-8-

1 0 0
                                    

•••

Dari sekian minggu berlalu, aku sudah menduga jika hal ini akan terjadi. Aku juga sudah menerka-nerka akan kembalinya sosok menyebalkan yang selama ini tidak ada di rumah. Dia, seseorang yang sekarang berdiri di bibir pintu kamarku, memperhatikanku yang sedang berkaca.

"Adikku mau berangkat sekolah ya?" Aku melihatnya dengan ekor mataku lalu kembali menata rambutku.

Aku mengikatnya menjadi satu dan kusampirkan disebelah kanan agar terkesan jatuh. Aku juga tidak lupa merapikan poni rambutku ke arah kanan. Aku juga tidak berniat menjawab pertanyaan yang sudah sangat jelas apa jawaban nya kepada kakak menyebalkan ku satu ini.

"Alaaaaani!" Dia merengek seperti anak kecil dibibir pintu kamarku sembari menghentakan kakinya seperti adik lelaki ku Kenna yang merajuk tidak mau dibelikan mainan baru. Oh, dia ini sudah tua. Dia berumur 4 tahun diatasku loh. Artinya dia ini sudah berkepala 2 tahun ini.

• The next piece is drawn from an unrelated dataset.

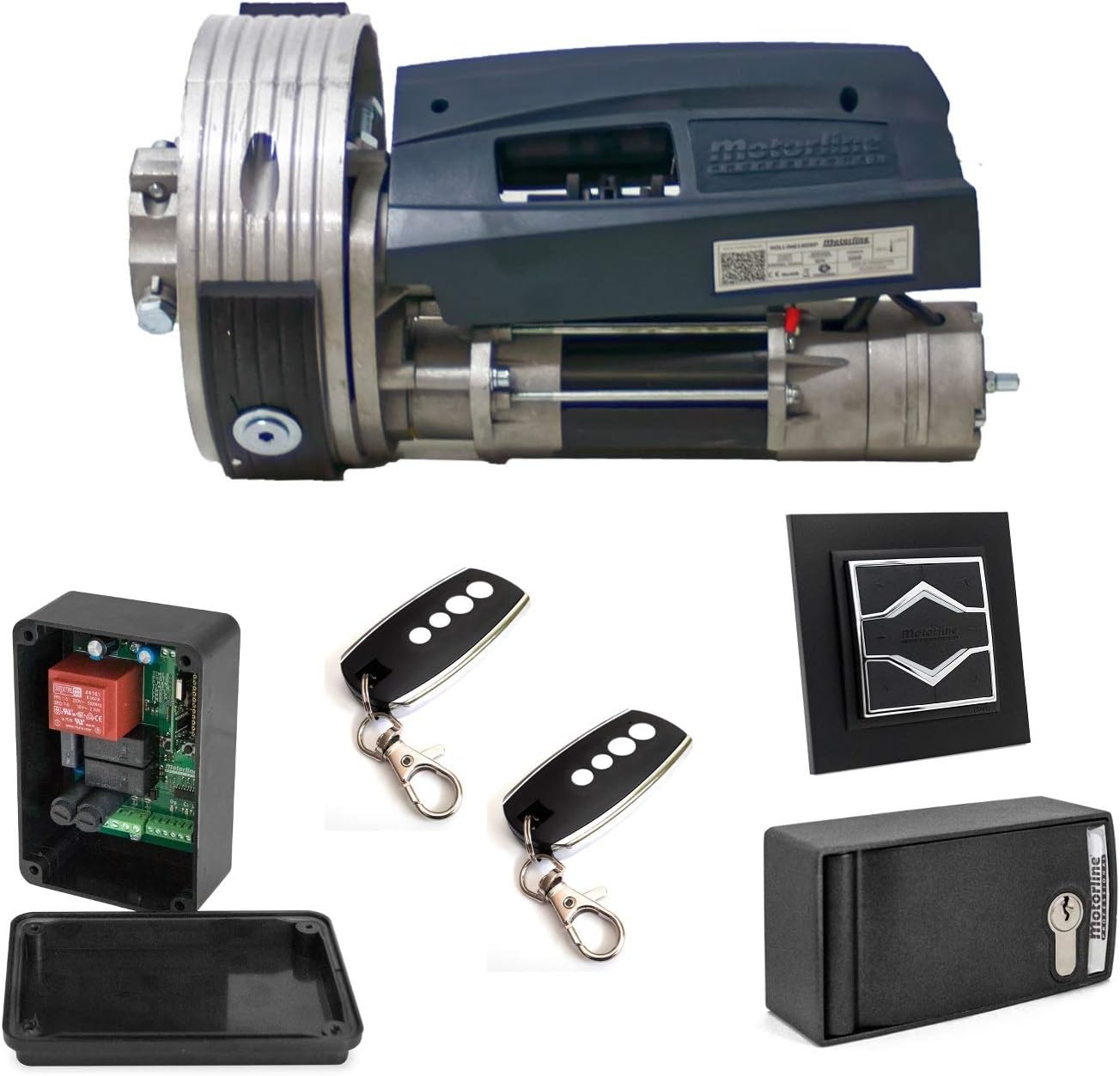 Kit Motorline 160 SP moteur pour porte de garage enroulable ou volet métallique jusqu’à 160 kg, avec bouton poussoir montée/descente

"Kak Teya kenapa pulang?" Tanyaku setelah mengambil ransel merahku. Aku melangkah pelan kearahnya, kak Teya memanyunkan mulutnya lalu menggenggam tanganku.

Aku menatapnya horor, dia tetap merajuk. Salah satu alasan aku sangat membenci kehadiran manusia ini dirumah, sifat siscon nya yang sudah mendarah daging seperti saat ini. Sifat manja dan kekanakan nya yang lebih mengesalkan dari pada Kenna.

"Kakak kan pulang karena kangen adik kakak, gak boleh?"

Aku segera melepas tangan nya dan berlari.

"MA, KAKAK SUDAH GILA!" Seru ku saat sampai diruang makan, Mama dan Papa hanya tertawa melihatku yang ketakutan. Tentu saja hal ini sudah menjadi kebiasaan yang menyebalkan saat dia datang. Kenna hanya tersenyum miring ke arahku. Oh, anak iblis satu ini.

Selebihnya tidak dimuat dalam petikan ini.